§ Work instructions: Below are entries. Pull out all lines containing "them".

§ Information supplied:
◇ ◇ ◇ ◇ ◇
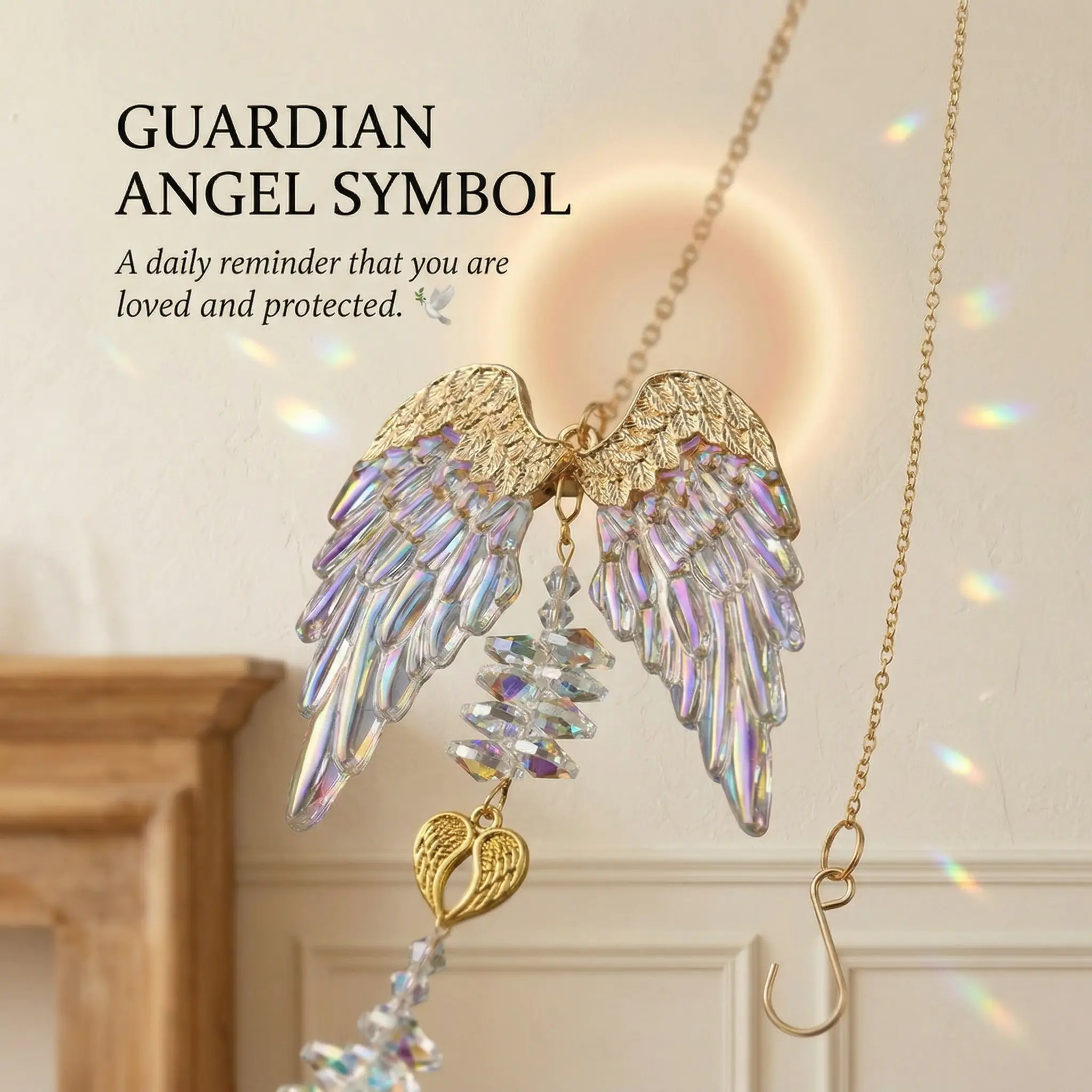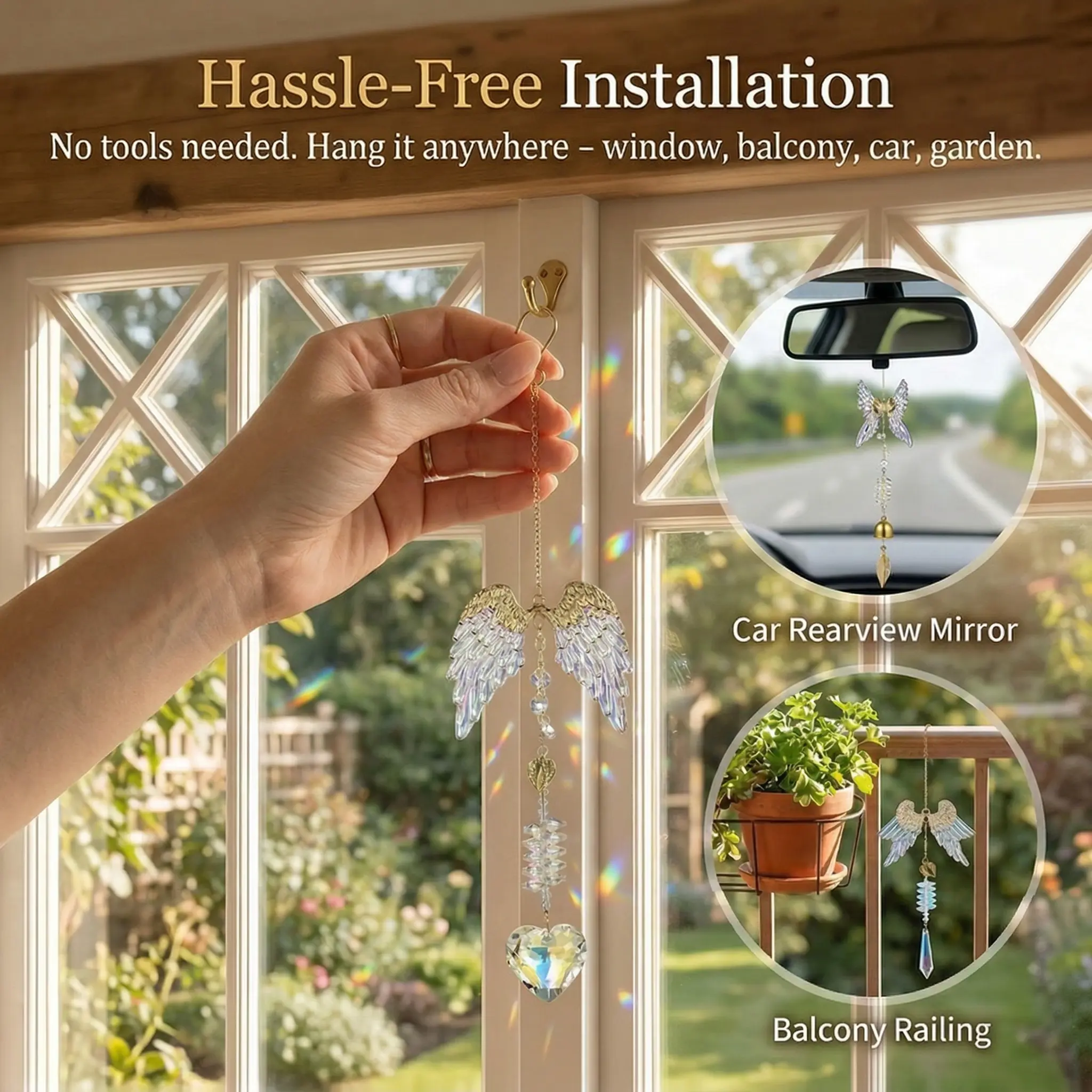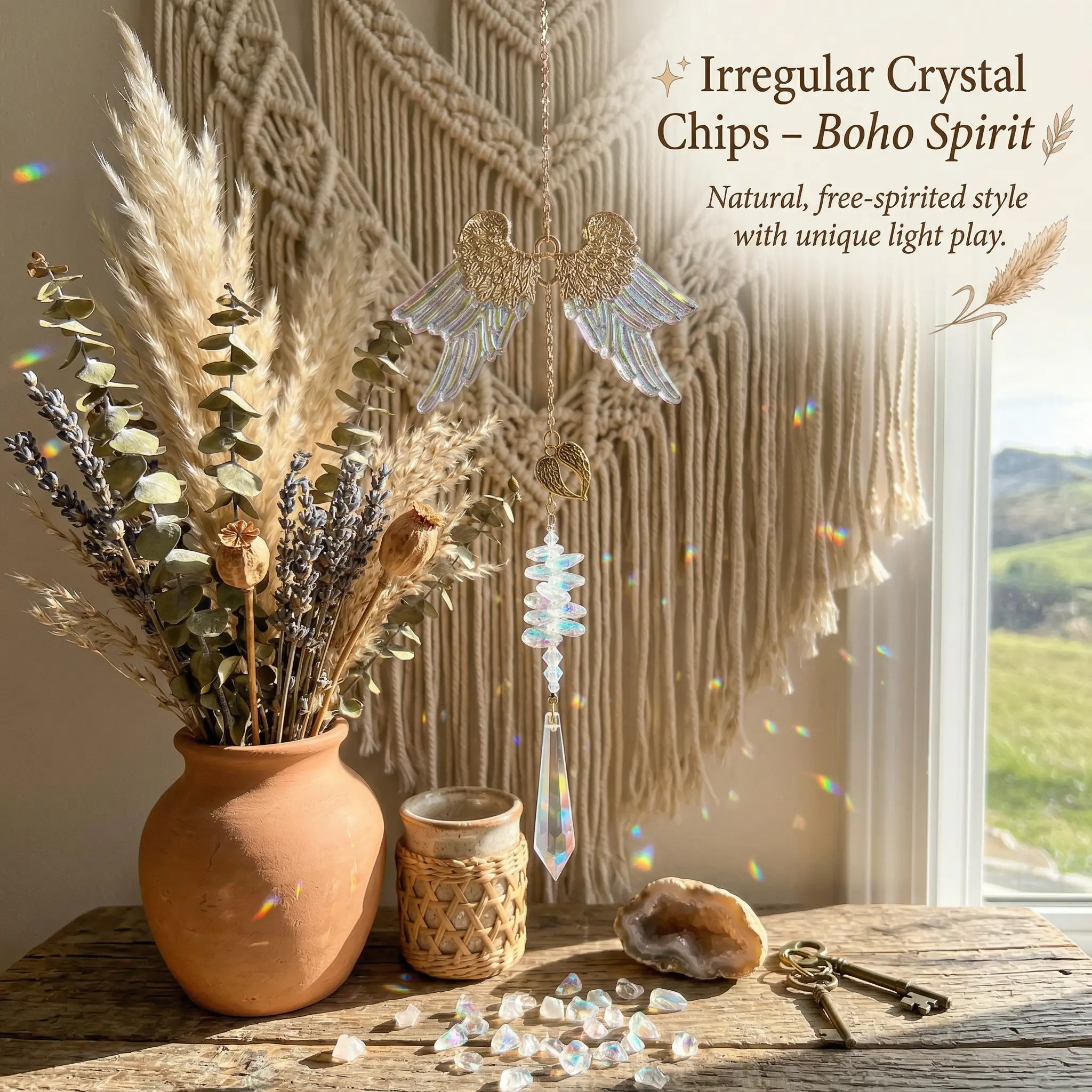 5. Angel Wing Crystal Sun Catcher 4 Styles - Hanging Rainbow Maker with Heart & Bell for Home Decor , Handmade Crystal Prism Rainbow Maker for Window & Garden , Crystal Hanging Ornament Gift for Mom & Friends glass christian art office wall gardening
◇ ◇ ◇ ◇ ◇
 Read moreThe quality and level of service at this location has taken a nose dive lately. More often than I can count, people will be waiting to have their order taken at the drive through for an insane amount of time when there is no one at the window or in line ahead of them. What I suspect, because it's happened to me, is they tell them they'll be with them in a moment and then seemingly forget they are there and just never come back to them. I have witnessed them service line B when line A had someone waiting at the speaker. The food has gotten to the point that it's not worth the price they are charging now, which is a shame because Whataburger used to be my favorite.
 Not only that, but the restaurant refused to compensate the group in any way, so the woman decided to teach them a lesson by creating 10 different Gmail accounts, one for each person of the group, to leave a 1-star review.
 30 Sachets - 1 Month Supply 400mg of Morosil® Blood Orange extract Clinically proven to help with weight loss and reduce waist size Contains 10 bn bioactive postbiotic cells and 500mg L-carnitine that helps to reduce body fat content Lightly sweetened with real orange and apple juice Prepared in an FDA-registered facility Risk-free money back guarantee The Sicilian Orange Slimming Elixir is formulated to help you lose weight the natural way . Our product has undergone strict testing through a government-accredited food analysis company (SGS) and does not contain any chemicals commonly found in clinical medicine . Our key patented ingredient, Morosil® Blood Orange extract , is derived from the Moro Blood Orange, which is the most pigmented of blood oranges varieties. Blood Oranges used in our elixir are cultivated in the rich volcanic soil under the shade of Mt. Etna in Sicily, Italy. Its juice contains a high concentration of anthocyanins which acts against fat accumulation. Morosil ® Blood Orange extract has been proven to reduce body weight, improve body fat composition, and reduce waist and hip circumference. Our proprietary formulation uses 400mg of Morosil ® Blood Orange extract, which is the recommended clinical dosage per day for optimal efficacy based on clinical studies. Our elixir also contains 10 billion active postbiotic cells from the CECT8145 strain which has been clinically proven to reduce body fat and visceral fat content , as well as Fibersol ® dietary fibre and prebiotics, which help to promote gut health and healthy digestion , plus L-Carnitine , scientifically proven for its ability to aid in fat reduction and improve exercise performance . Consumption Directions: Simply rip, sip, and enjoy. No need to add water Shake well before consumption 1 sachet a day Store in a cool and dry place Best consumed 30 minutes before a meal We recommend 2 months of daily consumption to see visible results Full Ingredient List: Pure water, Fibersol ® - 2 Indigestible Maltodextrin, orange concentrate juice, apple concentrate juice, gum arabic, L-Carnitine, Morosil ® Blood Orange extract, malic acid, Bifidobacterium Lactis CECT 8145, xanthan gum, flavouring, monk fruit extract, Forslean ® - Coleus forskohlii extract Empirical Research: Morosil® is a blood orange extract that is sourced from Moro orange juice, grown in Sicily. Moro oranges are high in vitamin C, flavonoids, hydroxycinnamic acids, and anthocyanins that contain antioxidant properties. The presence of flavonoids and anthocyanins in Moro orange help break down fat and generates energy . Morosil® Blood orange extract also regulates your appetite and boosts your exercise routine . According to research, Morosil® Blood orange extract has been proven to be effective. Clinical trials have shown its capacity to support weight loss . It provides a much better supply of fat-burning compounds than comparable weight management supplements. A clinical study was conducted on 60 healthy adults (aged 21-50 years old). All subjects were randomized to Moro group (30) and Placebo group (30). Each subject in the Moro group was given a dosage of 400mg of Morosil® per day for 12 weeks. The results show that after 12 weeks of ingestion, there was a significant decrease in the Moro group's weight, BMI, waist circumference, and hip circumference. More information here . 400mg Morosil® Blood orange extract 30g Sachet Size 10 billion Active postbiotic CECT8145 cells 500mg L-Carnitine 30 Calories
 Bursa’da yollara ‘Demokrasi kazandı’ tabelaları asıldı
◇ ◇ ◇ ◇ ◇
§ Solution for this problem:
 Read moreThe quality and level of service at this location has taken a nose dive lately. More often than I can count, people will be waiting to have their order taken at the drive through for an insane amount of time when there is no one at the window or in line ahead of them. What I suspect, because it's happened to me, is they tell them they'll be with them in a moment and then seemingly forget they are there and just never come back to them. I have witnessed them service line B when line A had someone waiting at the speaker. The food has gotten to the point that it's not worth the price they are charging now, which is a shame because Whataburger used to be my favorite.
 Not only that, but the restaurant refused to compensate the group in any way, so the woman decided to teach them a lesson by creating 10 different Gmail accounts, one for each person of the group, to leave a 1-star review.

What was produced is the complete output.